Write out exactly the lines running from the one with "Туфли BARTEK, бежево-синие." to the end of the data, including both of those lines and excluding pictures.
START Exercise input
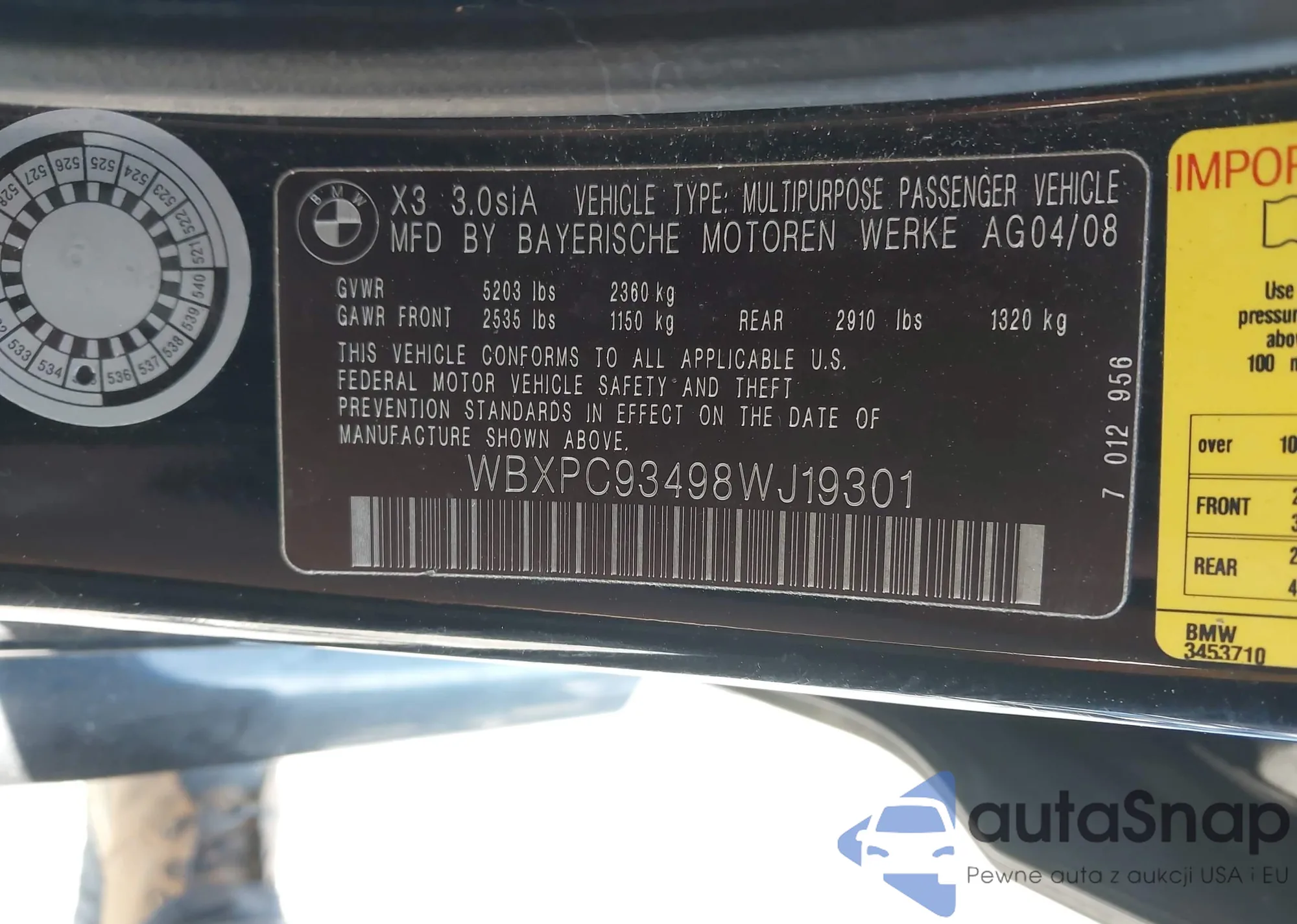 The car BMW X3 2008 (VIN WBXPC93498WJ19301) has not been auctioned before. The documents are clean, and the mileage matches or is below the market average. Sold by an insurance company – we recommend purchase. Delivery to the port will take approx. 6–8 weeks.
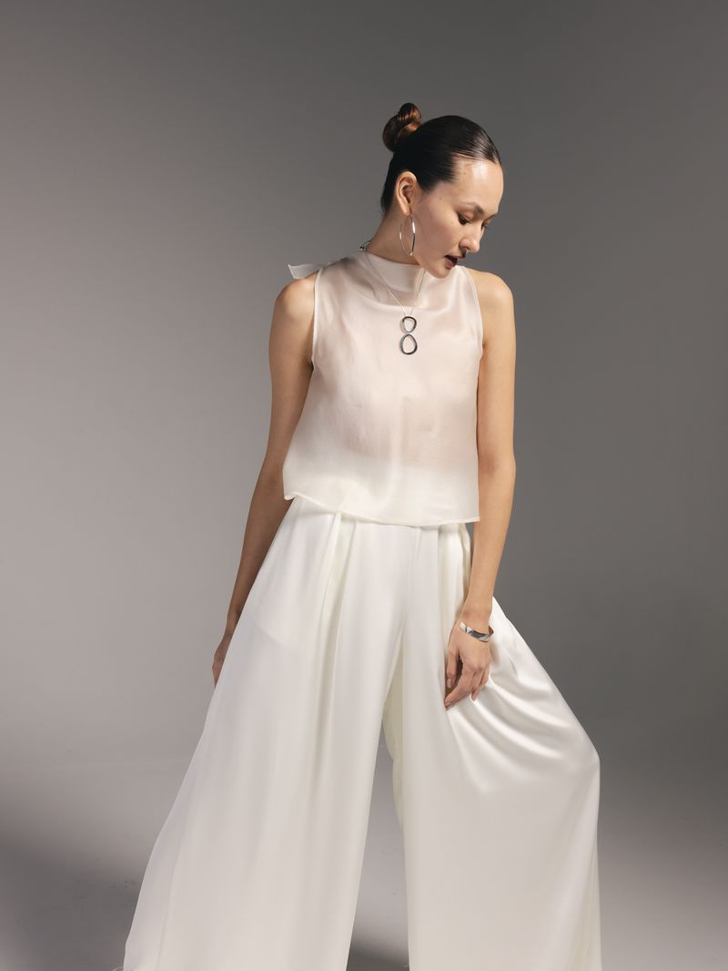 This elegant, sleeveless top features a graceful halter neck and a fluid drape, blending minimalist elegance with all-day comfort—perfect for layering or wearing solo.
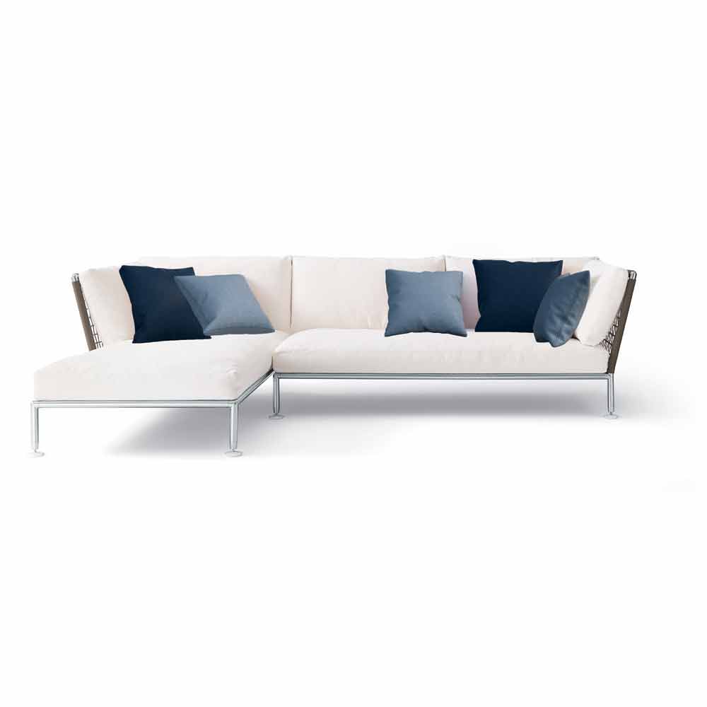 Se puede colocar en un rincón de la terraza, en el jardín o en todos los espacios donde poder recrear momentos de serenidad y relajación sin renunciar al estilo inconfundible del made in Italy, el sofá rinconera con chaise longue tiene una estructura de acero
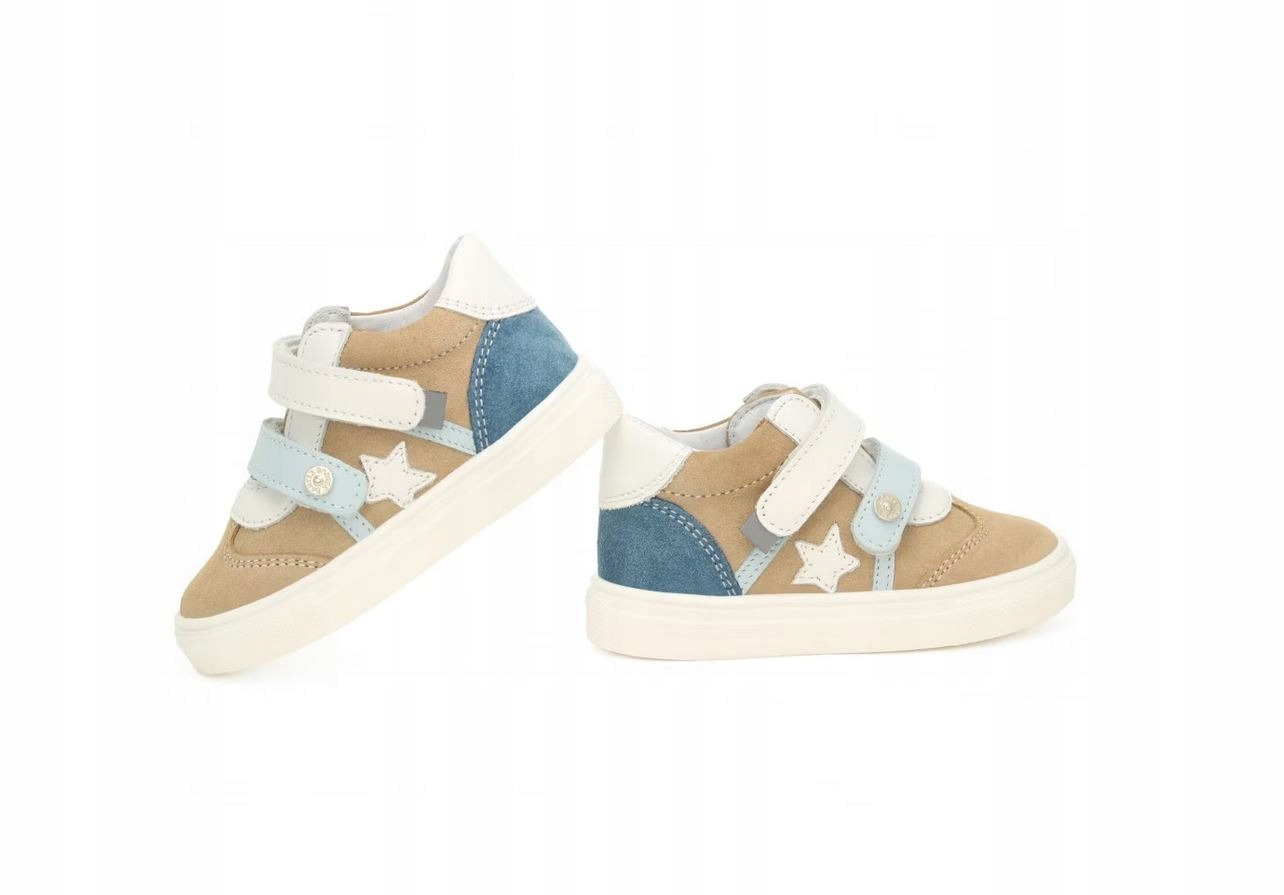 Туфли BARTEK, бежево-синие. Весенне-осенняя обувь для самых маленьких покупателей, маленьких странников, искателей, подходящая для длительных прогулок, походов, игр на природе даже в быстро наступающую осеннюю темноту, благодаря светоотражающим элементам, повышающим заметность и безопасность ребенка.
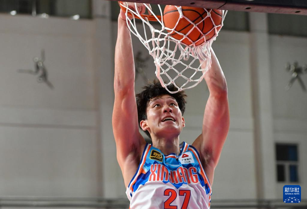 8月16日,新疆伊力特队球员曲笑宇在比赛中扣篮。
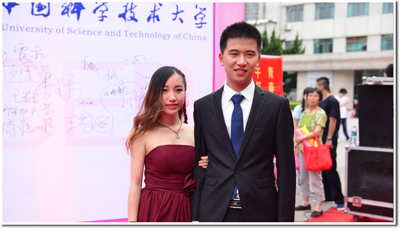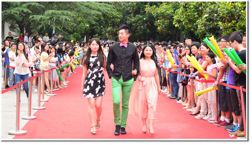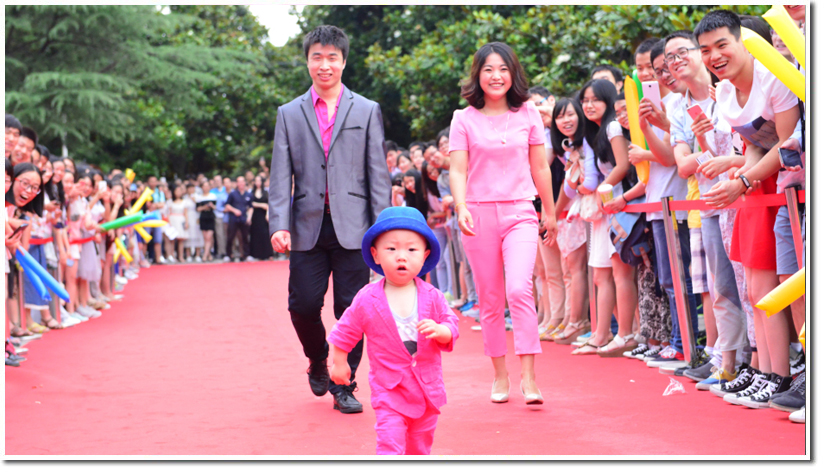 红毯走秀的最后一组----来自于近代物理系12级博士班的张宇以及他的妻子汪秀英和儿子张思齐,作为学业、爱情、家庭全丰收的典型,备受瞩目。
END Exercise input
Reply to the task
 Туфли BARTEK, бежево-синие. Весенне-осенняя обувь для самых маленьких покупателей, маленьких странников, искателей, подходящая для длительных прогулок, походов, игр на природе даже в быстро наступающую осеннюю темноту, благодаря светоотражающим элементам, повышающим заметность и безопасность ребенка.
 8月16日,新疆伊力特队球员曲笑宇在比赛中扣篮。
 红毯走秀的最后一组----来自于近代物理系12级博士班的张宇以及他的妻子汪秀英和儿子张思齐,作为学业、爱情、家庭全丰收的典型,备受瞩目。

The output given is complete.